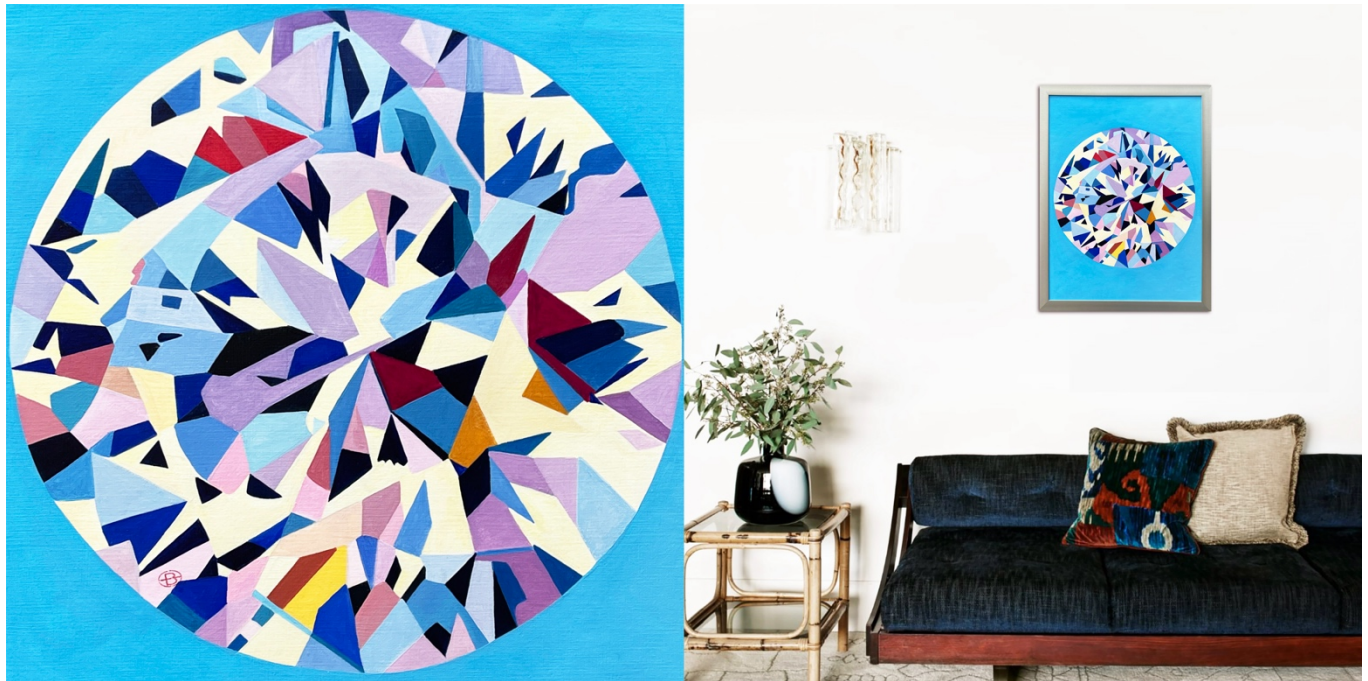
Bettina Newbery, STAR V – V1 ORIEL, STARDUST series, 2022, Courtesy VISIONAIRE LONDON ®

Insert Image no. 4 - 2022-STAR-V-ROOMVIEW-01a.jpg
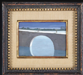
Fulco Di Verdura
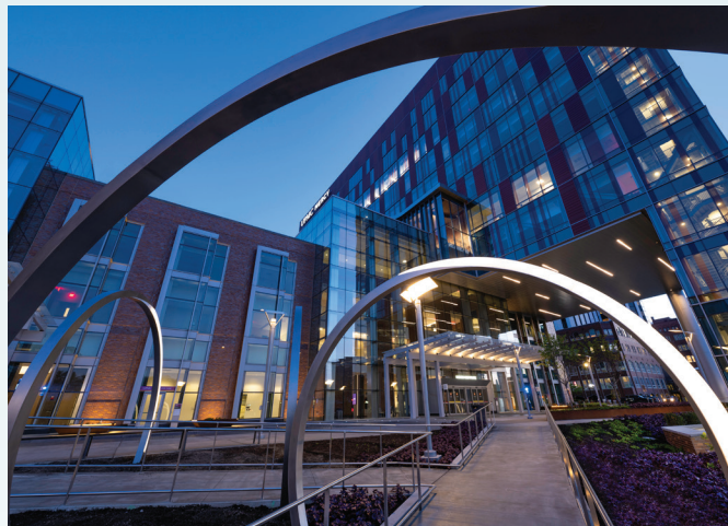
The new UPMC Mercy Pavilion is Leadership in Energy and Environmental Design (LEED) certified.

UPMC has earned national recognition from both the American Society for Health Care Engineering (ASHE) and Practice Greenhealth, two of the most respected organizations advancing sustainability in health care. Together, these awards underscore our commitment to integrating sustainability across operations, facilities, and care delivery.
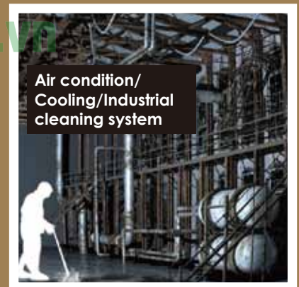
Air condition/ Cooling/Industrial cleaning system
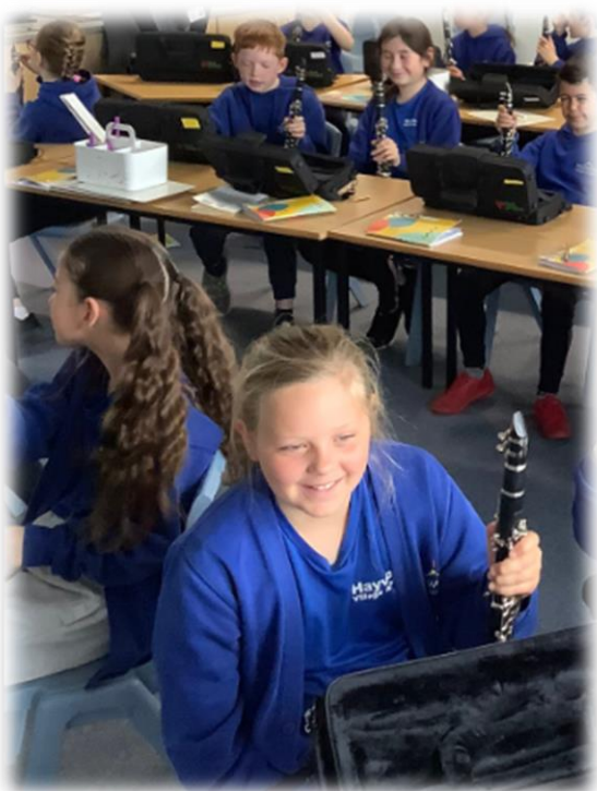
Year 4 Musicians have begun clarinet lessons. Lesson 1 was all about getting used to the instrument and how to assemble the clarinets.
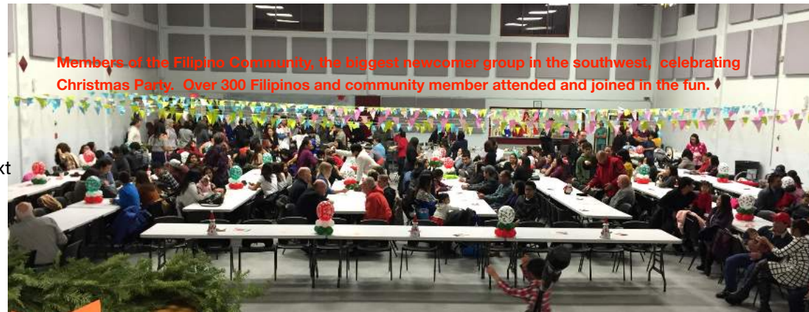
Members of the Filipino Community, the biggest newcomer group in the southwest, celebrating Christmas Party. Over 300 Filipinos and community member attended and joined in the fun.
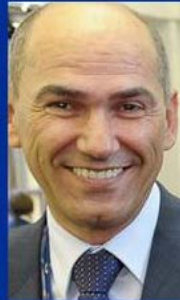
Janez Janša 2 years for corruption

* TO DO *
The reply should hold only the lines running from the top of the records to the line containing "The new UPMC", both included, copied exactly with no pictures.

* FINISHED TASK *
Bettina Newbery, STAR V – V1 ORIEL, STARDUST series, 2022, Courtesy VISIONAIRE LONDON ®

Insert Image no. 4 - 2022-STAR-V-ROOMVIEW-01a.jpg
Fulco Di Verdura
The new UPMC Mercy Pavilion is Leadership in Energy and Environmental Design (LEED) certified.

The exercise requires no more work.